Die Vorläufer: Lorenz von Stein
Ein Vorläufer der Formel des sozialen Rechtsstaats findet sich in den Werken von Lorenz von Stein, der dem Staat als Organ die Aufgabe zutraute, Ungleichheiten zu korrigieren, die in einer industriellen und wettbewerbsorientierten Gesellschaft entstehen. Von Stein stellte in seinem Werk über soziale Bewegungen und die Monarchie fest: „Es endete die Ära der politischen Revolutionen und Reformen, und es begann die Ära der sozialen Revolutionen und Reformen.“
Soziale Demokratie und Rechtsstaatlichkeit
Die Verteidigung des sozialen Rechtsstaats ist besonders durch die Sozialdemokratie geprägt. Diese erkennt die Notwendigkeit sozialer Reformen an, um die Gleichstellung zu adressieren, und nutzt den demokratischen Rechtsstaat als Instrument zur Erreichung eines friedlichen Miteinanders unter Wahrung der Menschenrechte.
Historische Meilensteine in Deutschland
Die erste soziale Gesetzgebung, die den Übergang vom liberalen Staat zum sozialen Rechtsstaat markierte, fand in Deutschland während der Weimarer Republik statt.

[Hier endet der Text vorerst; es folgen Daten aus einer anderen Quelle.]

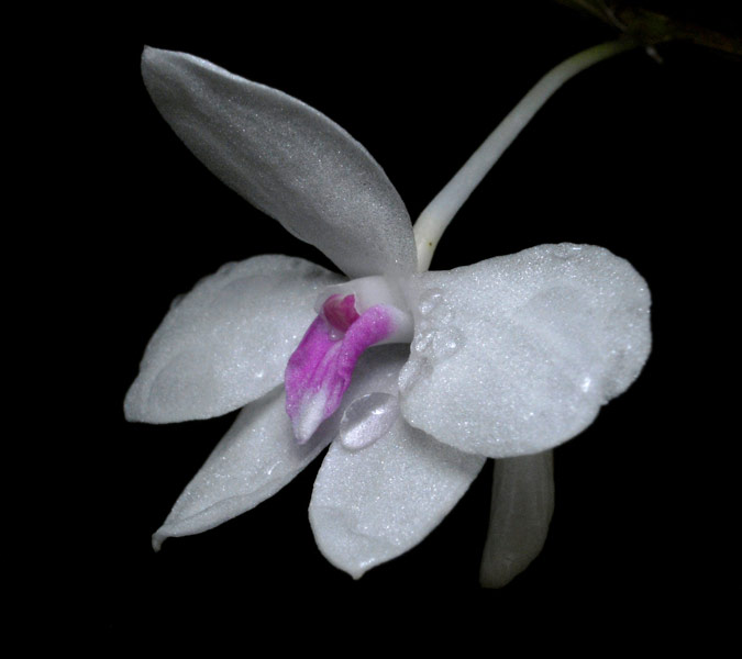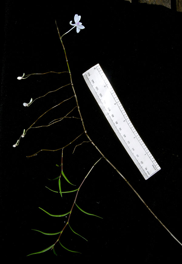 Found in Sulawesi in elfin forests on volcanic slopes usually on tree branches at elevations of 600 to 1800 meters as a small to medium sized, warm to cool growing epiphyte with pendulous, branching, narrow stems carrying distichous, narrow, widely spaced, grasslike, linear to nearly lanceolate, unequally bidentate apically leaves that blooms in the winter and summer on an erect, lateral, 1.5" [3.75 cm] long, 2 to 3 flowered inflorescence arising along the stem to the tip so as to almost appear terminal.

Allerdings wurde die Sozialgesetzgebung bereits einige Jahrzehnte zuvor eingeleitet, beeinflusst durch eine christliche Weltanschauung. Dies geht unter anderem auf Reformer wie Cooper zurück, der Gesetze vorantrieb, die Kinderarbeit in Fabriken und Kohleminen verboten, Arbeitszeiten begrenzten und den Bau von Schulen für mittellose Kinder ermöglichten.
Hellers Vision der Wirtschaftsdemokratie
Heller verstand, dass eine Wirtschaftsdemokratie durch aufeinanderfolgende, friedliche Reformen eingeführt werden sollte, die zwischen Arbeitgebern und Arbeitnehmern in einem Klima des gegenseitigen Vertrauens ausgehandelt werden.
Die Krise des sozialen Rechtsstaats
Gegenwärtig befindet sich der soziale Rechtsstaat jedoch in einer Krise:
- Finanzierung öffentlicher Dienstleistungen: Die Bereitstellung staatlicher Leistungen hat einen hohen Preis, den die Bürger tragen müssen. Eine erhöhte steuerliche Belastung führt dazu, dass Bürger weniger Geld für den privaten Konsum zur Verfügung haben.
- Öffentliche Ausgaben und Inflation: Hohe Staatsausgaben können negative Auswirkungen auf die Inflation haben. Das Ziel der materiellen Gleichstellung kann so ins Gegenteil umschlagen und neue Ungleichheiten schaffen.
- Wahltaktische Instrumentalisierung: Der soziale Rechtsstaat wurde teils für wahltaktische Zwecke missbraucht – als Instrument, um Stimmen zu gewinnen, ohne die langfristigen negativen Auswirkungen auf die Wirtschaft zu berücksichtigen. Drucker bezeichnete dies als „Wahlkampfstaat“.
- Globalisierung: Alte protektionistische Grundsätze mussten den Anforderungen der internationalen Marktverflechtung, bekannt als Globalisierung, weichen.